En France ces pesticides font aussi des ravages. Mais pas selon le gouvernement. Et malgré sa feuille de route « verte », présentée début février, dans laquelle il avait assuré que la France mènerait « au niveau européen une action volontariste » pour que les substances néonicotinoïdes des pesticides soient réévaluées « au plus vite » l'interdiction ne semble pas être à l'ordre du jour. Ainsi pour Stephane Le Foll, ministre de l'agriculture, interdire les néonicotinoïdes n’est pas la solution. « C’est un pensée globale qu’il faut avoir », assure-t-il, permettant de « mener ces débats en assurant les transitions nécessaires ». En résumé : on continue comme avant. Pourtant, des voix s'élèvent pour s'opposer aux pesticides. La critique écologiste ne vient pas des Verts, mais des « frondeurs » du PS. Delphine Batho et Gérard Bapt ont déposé un amendement à la loi sur la biodiversité réclamant  l'interdiction à partir du 1er janvier 2016 de l'usage des cinq insecticides néonicotinoïdes présents en France, dans le cadre de l'examen de la loi sur la biodiversité. 

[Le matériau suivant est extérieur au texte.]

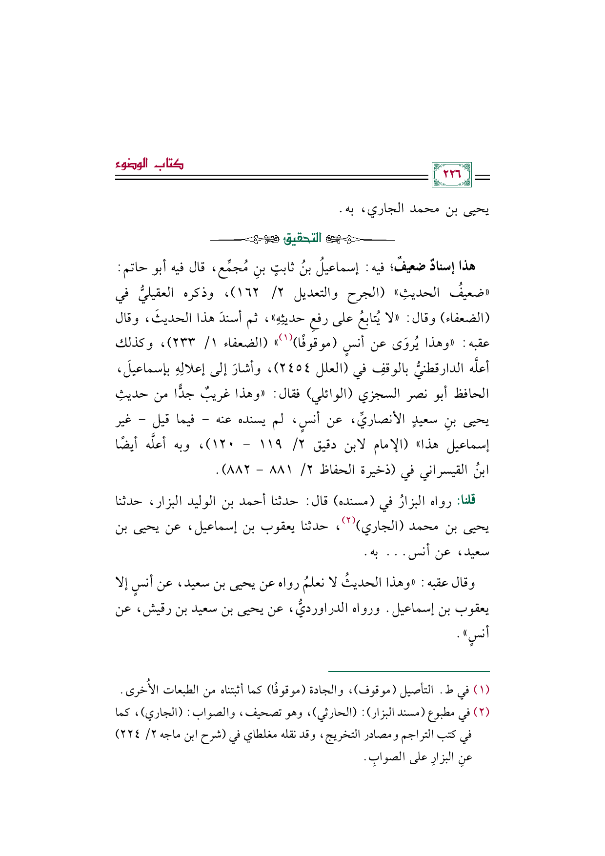 (¬٢) في مطبوع (مسند البزار): (الحارثي)، وهو تصحيف، والصواب: (الجاري)، كما في كتب التراجم ومصادر التخريج، وقد نقله مغلطاي في (شرح ابن ماجه ٢/ ٢٢٤) عنِ البزارِ على الصوابِ.
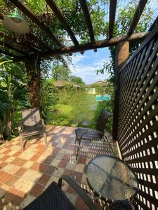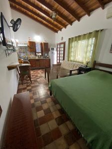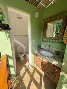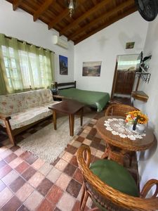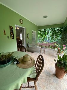 - Casa Principal: Com 2 suítes, incluindo 1 demi suíte, todos com ar condicionado, sala ampla de dois ambientes (estar e jantar), cozinha bem equipada, lavanderia coberta, varanda aconchegante e banheiro com jardim de inverno e esquentador de toalha.
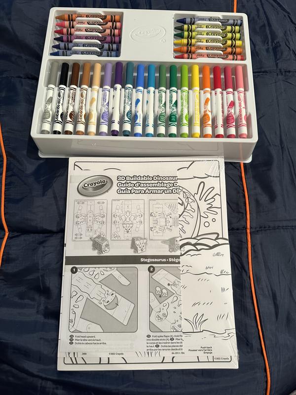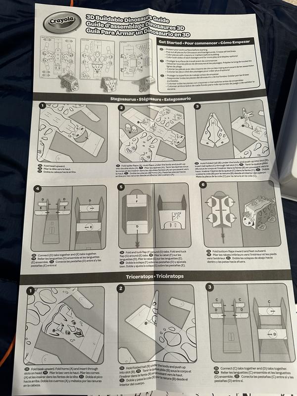 My 4 year old was over the moon when she saw this kit! It came with everything she needed to get lost in a little dino world for quite a while. She especially loved coloring the 3d characters and creating a diorama with them and the backgrounds. The backgrounds need a bit of reinforcement to stand up, the feet didn't quite support their weight. Overall this was a huge hit!

L'amendement a été voté à l'Assemblé Nationale le 19 mars au grand dam de la ministre de l'écologie Ségolène Royal, qui, abandonnant la souveraineté de la France, s'opposait à l'amendement au motif que « le cadre européen ne permet pas une interdiction stricte ». L'amendement a cependant peu de chance d'être maintenu au Sénat, qui a rejeté en février dernier une résolution demandent l'interdiction des mêmes pesticides. Peut être la preuve que dans le cadre du PS, toute action de fronde est finalement inutile.